Well maybe once a month haha because of people living all over the place where do you stay @KieranD


----------



## Marzuq (23/10/14)

wonder if the CPT peeps would be interested in a similar proposal??


----------



## Al3x (23/10/14)

sounds like an excellent idea, durbanites unite, what you durban guys say

EDIT - sorry for hijacking


----------



## KieranD (23/10/14)

Im in Alberton but work in Midrand so I get around  Im pretty chilled no matter where it ends up being


----------



## Dr Phil (23/10/14)

Sounds good I'm in


----------



## WHITELABEL (23/10/14)

Cool idea, I'm keen for the JHB one.


----------



## 2 Angry Wolves (23/10/14)

Would be great!

Reactions: Agree 1


----------



## KieranD (23/10/14)

Im happy to help in starting this off  
What day suits everyone best? 
I like the idea of a mid week get together on like a Wednesday evening after work. Try out different places each week?


----------



## Rotten_Bunny (23/10/14)

I work at a Restuarant in Cullinan, boss says its fine for a vape meet. 

Vape the Planet

Reactions: Like 1


----------



## zimbovapster (23/10/14)

Yeah sounds great @KieranD lets see where a central place for everyone to get to im in fourways


----------



## KieranD (23/10/14)

Let's see who is in for Next week Wednesday - 29 October. Let's say 18:00 onwards. 

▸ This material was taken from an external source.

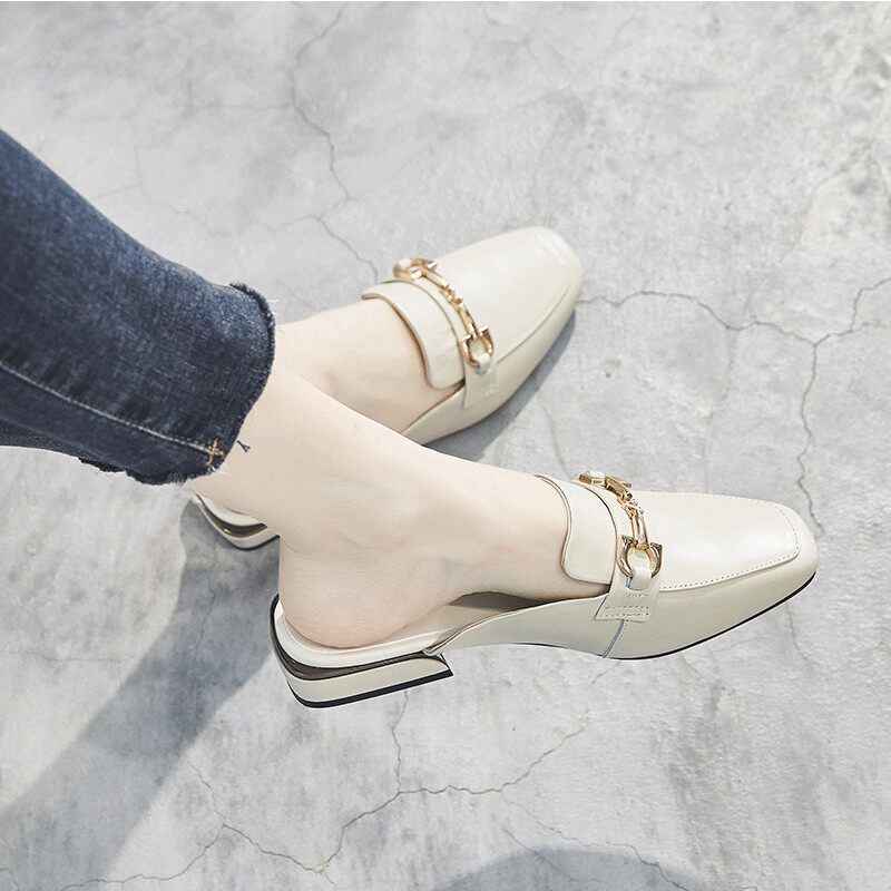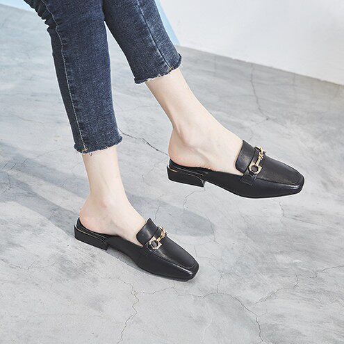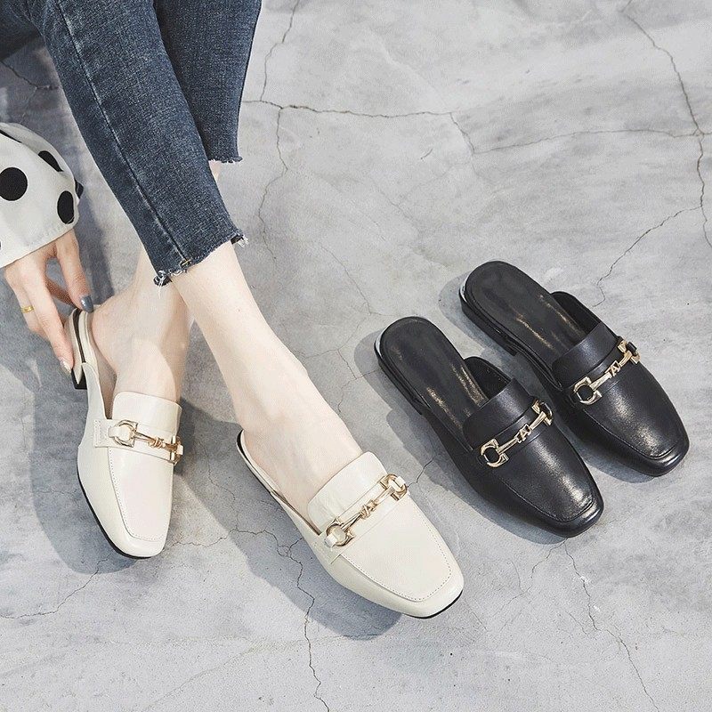 淘法式温柔半拖鞋平底鞋女包头一脚蹬软底银鞋玛丽珍女鞋气质一字拖

Guys please confirm who is definitely attending as well as the area you are in. 
We can do a lucky draw on a weekly basis on the Monday for the area. I will have a look around and confirm a suitable venue in that area by Monday 17:00 and we can finalise the numbers from there.


----------



## zimbovapster (23/10/14)

Sounds great definitely will be there and im in fourways

Reactions: Like 1


----------



## Rowan Francis (23/10/14)

I am in fourways bryanston area too but 29th is bad as my wife will be here ..28th is doable


----------



## Dr Phil (23/10/14)

I'm in


----------



## KieranD (23/10/14)

dr phil said:


> I'm in


 What area are you in @dr phil


----------



## KieranD (23/10/14)

Rowan Francis said:


> I am in fourways bryanston area too but 29th is bad as my wife will be here ..28th is doable



Lets keep it for Wednesday this week. See how the whole concept pans out  Tuesday is going to be super tight to organise and find a venue etc.


----------



## Dr Phil (23/10/14)

Fourways and u @KieranD


----------



## KieranD (23/10/14)

Will be coming straight from work (Allandale). 
North is looking good


----------



## WHITELABEL (24/10/14)

Yep I'm in for definite. Fourways/ Bryanston is perfect, but don't mind driving wherever.


----------



## K_klops (24/10/14)

KieranD said:


> Let's see who is in for Next week Wednesday - 29 October. Let's say 18:00 onwards.
> 
> Guys please confirm who is definitely attending as well as the area you are in.
> We can do a lucky draw on a weekly basis on the Monday for the area. I will have a look around and confirm a suitable venue in that area by Monday 17:00 and we can finalise the numbers from there.


This sounds like a great idea, im in honeydew, , northgate area. The next 2 to 3 weeks are tough for me so itl have to be short visits from me each time. Brilliant idea


----------



## Witu (24/10/14)

I would be keen. I'm in Kempton Park though...


----------